Why We Need Audiophiles
Recommended reading courtesy of Gizmodo for the audiophiles among us (ummmm, that should be all of you, right?)
This is Michael Fremer. He’s listening to “Avalon” by Roxy Music on his $350,000 stereo system. It sounds excellent. He’s a bit crazy, but if you love music, you need him.
Fremer, if you have yet to decipher this, is an audiophile of the highest calibre. Literally millions of dollars of premium audio equipment have passed through his listening room under review for Stereophile magazine, and he’s been obsessing about vinyl since he was four years old, memorizing the labels of his parents’ 78s. A man who, when digital recording and reproduction methods began to surface culminating in the compact disc’s takeover as the predominant music format, became a figurehead for the vinyl superiority movement, staunchly advocating its greater tonal resolution over a CD’s 44.1 kHz max. (See this MTV clip for Fremer in action, circa 1993.)
In short, a species of human I had never known prior to hanging out with him in his New Jersey basement listening room last week, and a species, frankly, I was skeptical of in just about every possible way.

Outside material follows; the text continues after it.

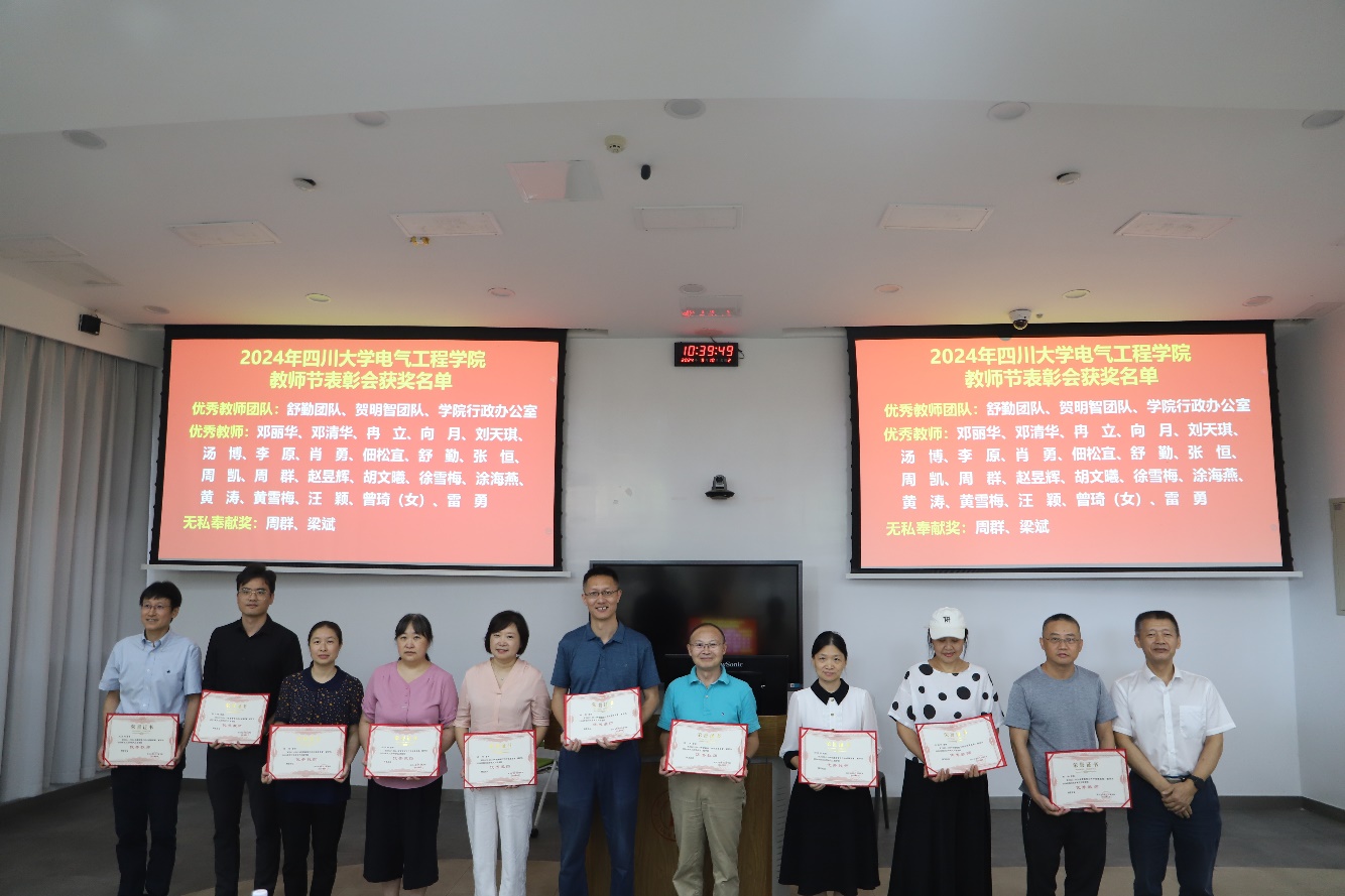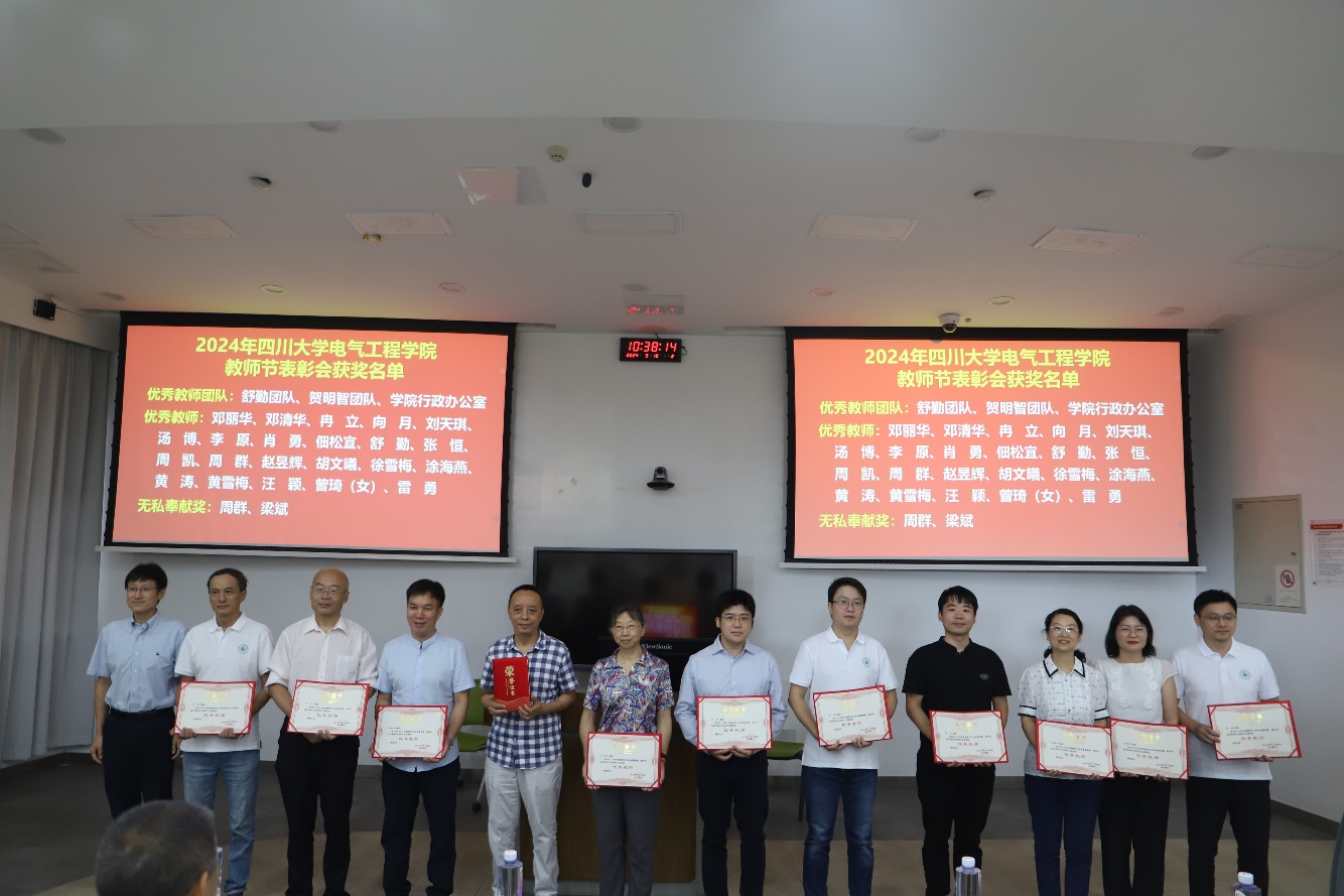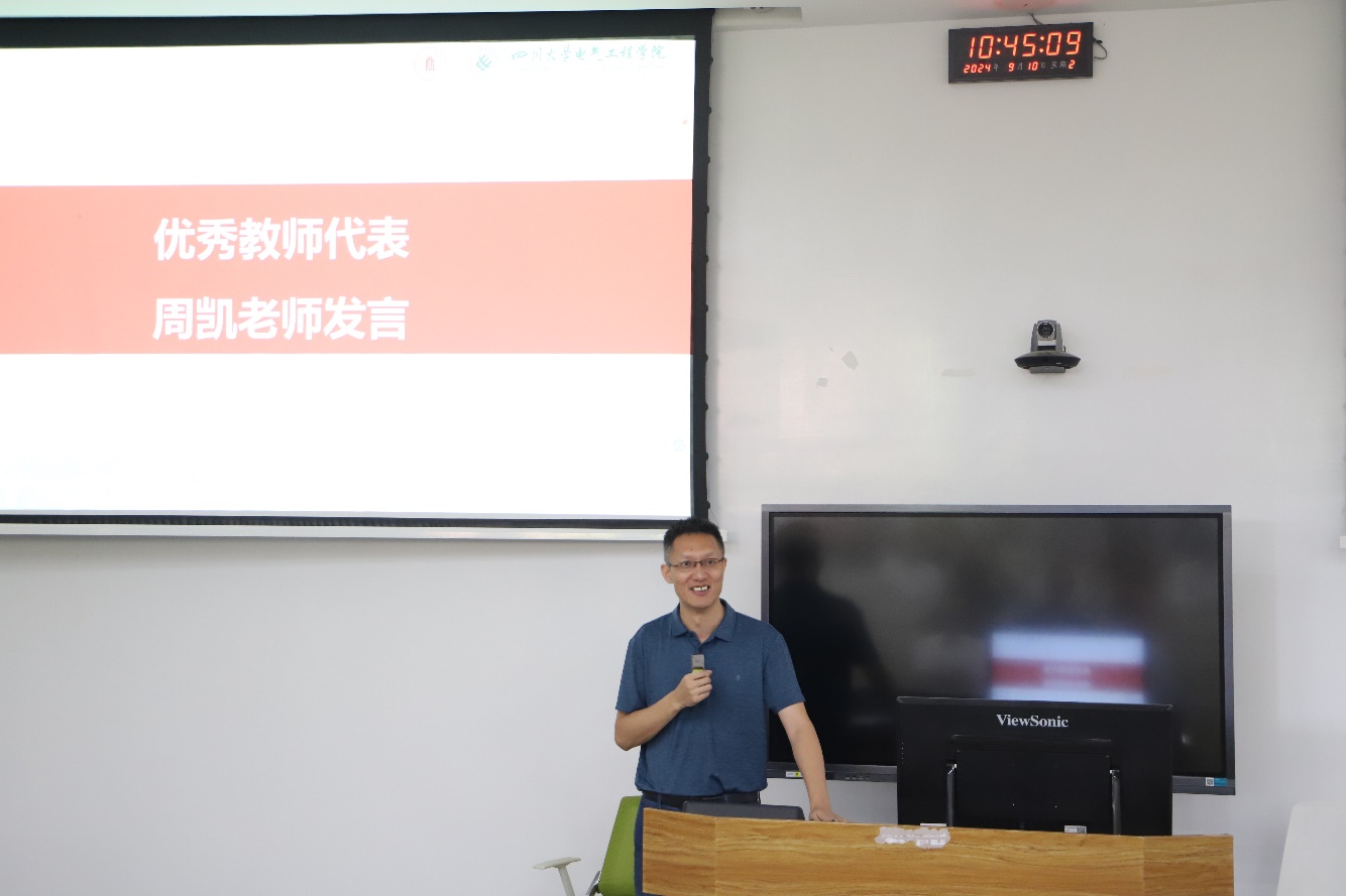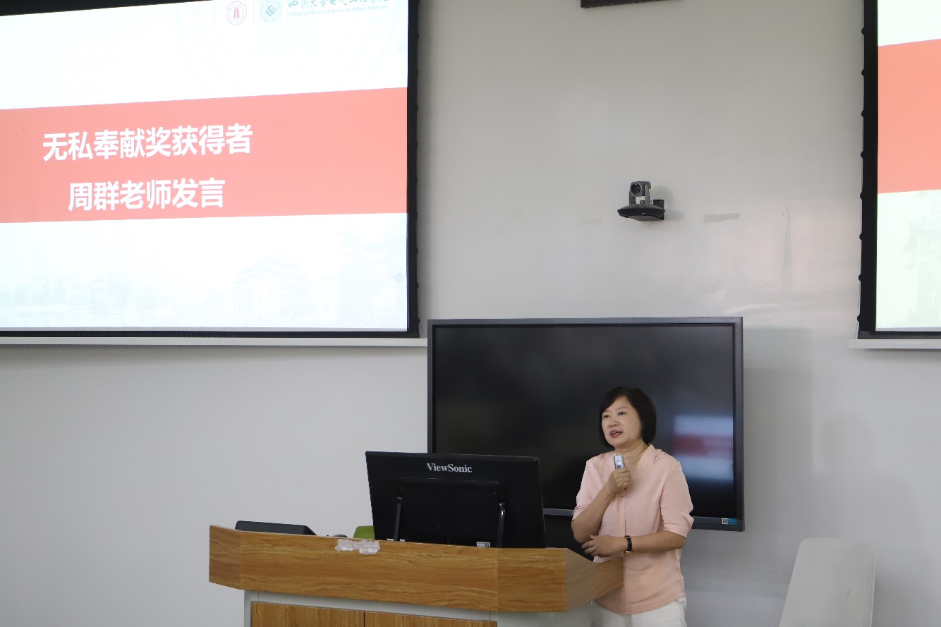 “无私奉献奖”代表周群教授分别作了发言,他们分享了自己对教书育人事业的感悟、热爱与追求,表示将继续传承和弘扬一代代川大电气人的高尚师德风范,潜心教书育人,静心科研创新,肩负起“为党育人、为国育才”的光荣使命。

Upon getting picked up by Fremer at the train station near his home, my fears immediately began to feel all too real. It was but a minute or two into our car ride from the station that a rant on Walt Mossberg’s inferior review of the Airport Express, Apple’s music-streaming mini-router that Fremer and I both enjoy in our home systems, begins in earnest:
“If he’s not going to tell people how it sounds, then what’s the fucking point? Don’t step into my world, Walt!” Multiple emails of complaint to poor Walt are alluded to. I am definitely thinking “uh oh” at this point.